O cüz-ü ihtiyarî, cüz’iyetten çıkıp külliyet kesbeder. Zaman-ı mâzinin en derin derelerine kuvveti îman ile girebildiği ve hüzünlerin zulmetlerini defedebildiği gibi; nûr-u îman ile istikbâlin en uzak dağlarına kadar çıkar, korkuları izâle eder.
İşte ey benim gibi ihtiyarlık zahmetini çeken ihtiyar ve hemşire ihtiyareler! Mâdem ELHAMDÜLİLLÂH biz ehl-i îmanız; ve mâdem îmanda bu kadar nurlu, lezzetli, sevimli, şirin defineler var; ve mâdem ihtiyarlığımız bizi bu definenin içine daha ziyâde sevkediyor.. elbette îmanlı ihtiyarlıktan şekva değil, belki binler teşekkür etmeliyiz...
SEKİZİNCİ RİCA: İhtiyarlığın alâmeti olan beyaz kıllar saçıma düştüğü bir zamanda, gençliğin derin uykusunu daha ziyâde kalınlaştıran Harb-i Umûmînin dağdağaları ve esaretimin keşmekeşlikleri ve sonra İstanbul’a geldiğim vakit; ehemmiyetli bir şan ve şeref vaziyeti, hatta Halifeden, Şeyhü’l-islâmdan, Başkumandandan tut, tâ medrese talebelerine kadar haddimden çok ziyâde bir hüsn-ü teveccüh ve iltifat gösterdikleri cihetle, gençlik sarhoşluğu ve o vaziyetin verdiği hâlet-i ruhiye, o uykuyu o derece kalınlaştırmıştı ki; âdeta dünyayı dâimî, kendimi de lâyemûtâne dünyaya yapışmış bir vaziyet-i acibede görüyordum...

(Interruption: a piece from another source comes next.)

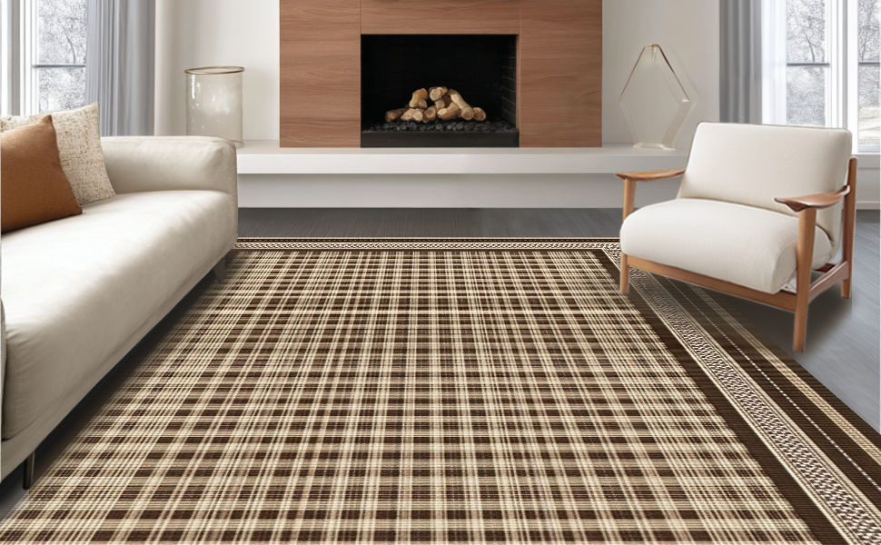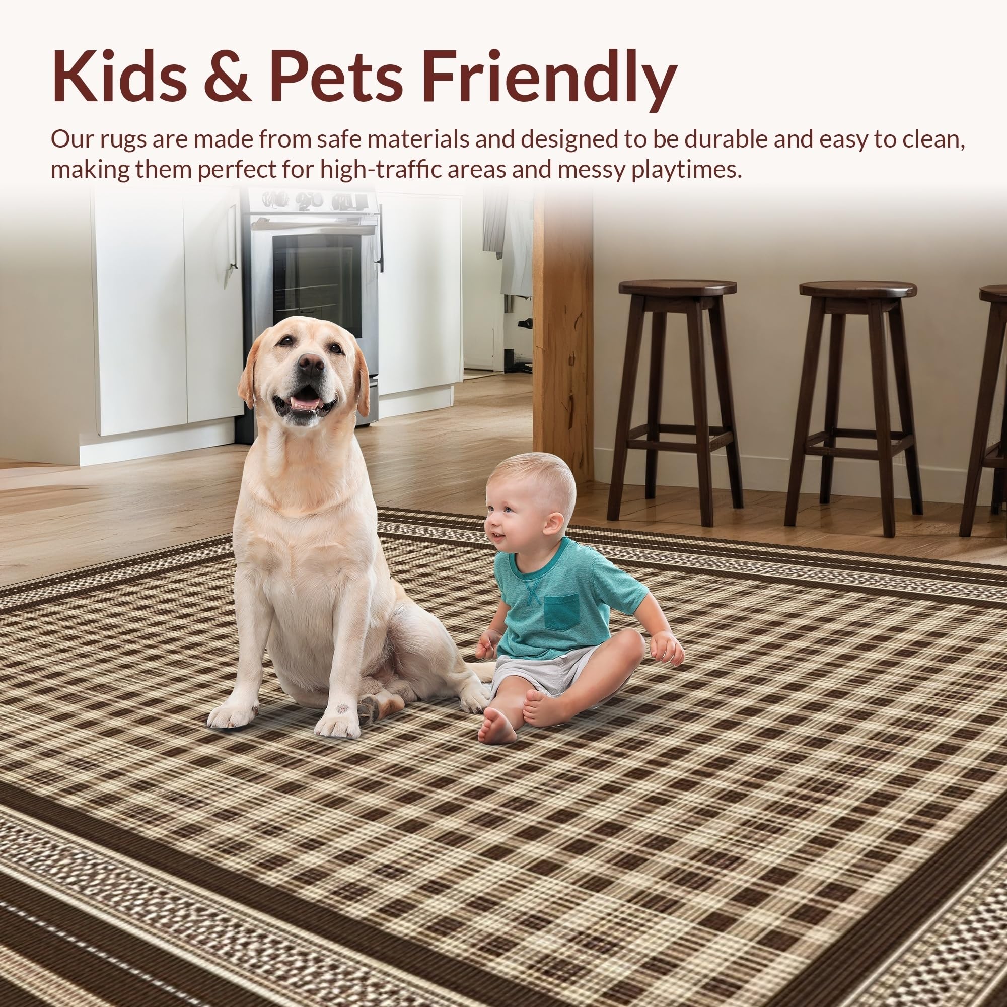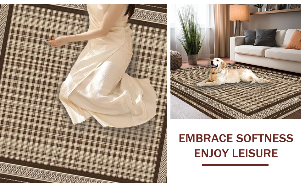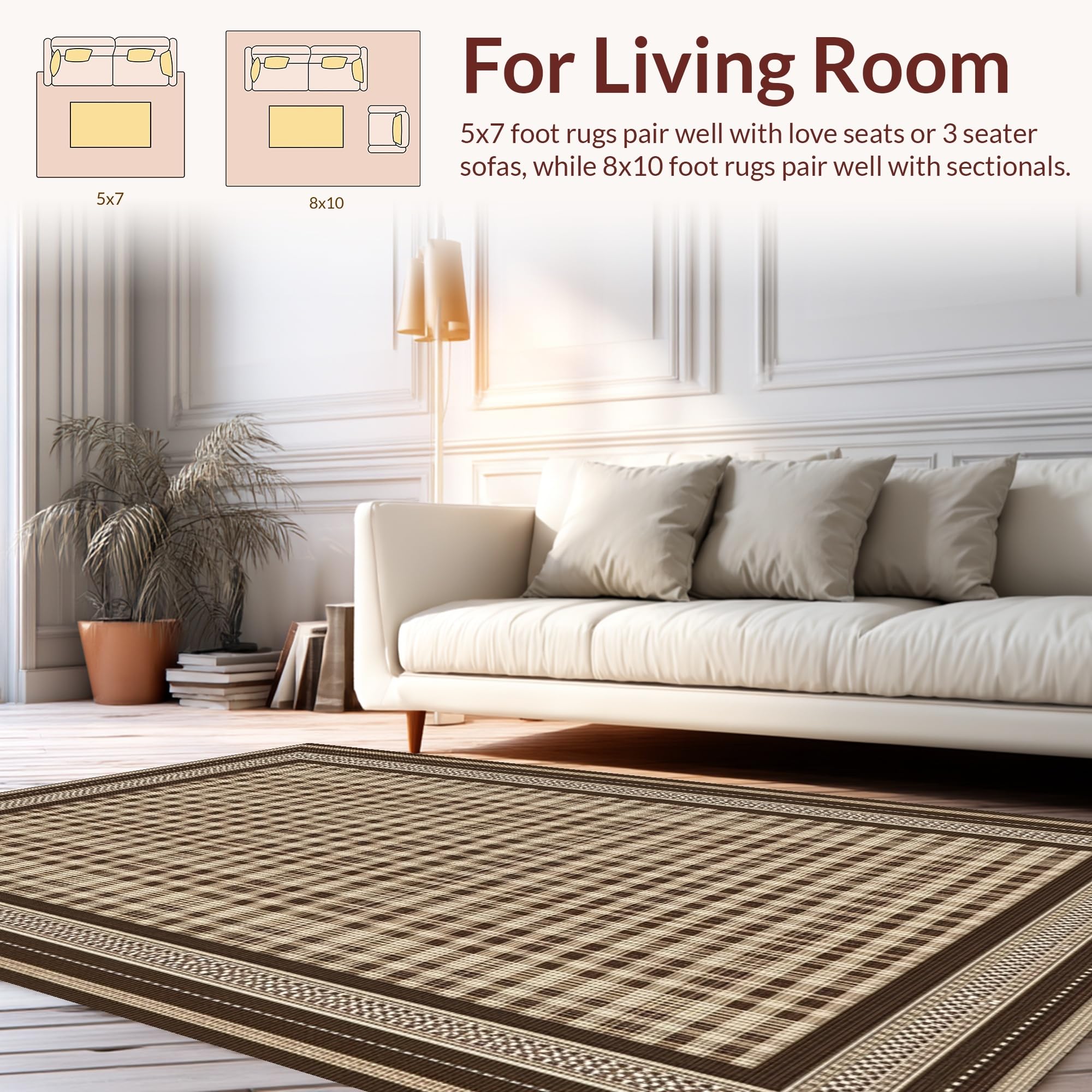 Ultra Soft Area Rug, Non Slip, Stain Resistant, Washable Area Rugs for Living Room, Bedroom, Minimalist Tiled Pattern with Natural Touch(Beige) Overview:

İşte o zamanda, İstanbul’un Bayezid Câmi-i mübârekine, Ramazan-ı Şerifte, ihlâslı hâfızları dinlemeye gittim. Kur’ân-ı Mu’cizü’l-Beyân, semâvî yüksek hitabiyle beşerin fenâsını ve zîhayatın vefatını haber veren gâyet kuvvetli bir sûrette
Fermanını, hâfızların lîsaniyle ilân etti. Kulağıma girip, tâ kalbimin içine yerleşip, o pek kalın gaflet ve uyku ve sarhoşluk tabakalarını parça parça etti. Câmiden çıktım. Daha çoktanberi başımda yerleşen o eski uykunun sersemliğiyle birkaç gün başımda bir fırtına, dumanlı bir ateş ve pusulasını şaşırmış gemi gibi kendimi gördüm. Aynada saçıma baktıkça, beyaz kıllar bana diyorlar: “Dikkat et!” İşte o beyaz kılların ihtariyle vaziyet tavazzuh etti. Baktım ki; çok güvendiğim ve ezvâkına meftun olduğum gençlik elveda diyor ve muhabbetiyle pek çok alâkadar olduğum hayat-ı dünyeviye sönmeye başlıyor... ve pek çok alâkadar ve adeta âşık olduğum dünya, bana “Uğurlar olsun” deyip, misafirhâneden gideceğimi ihtar ediyor. Kendisi de “Allaha ısmarladık” deyip, o da gitmeye hazırlanıyor.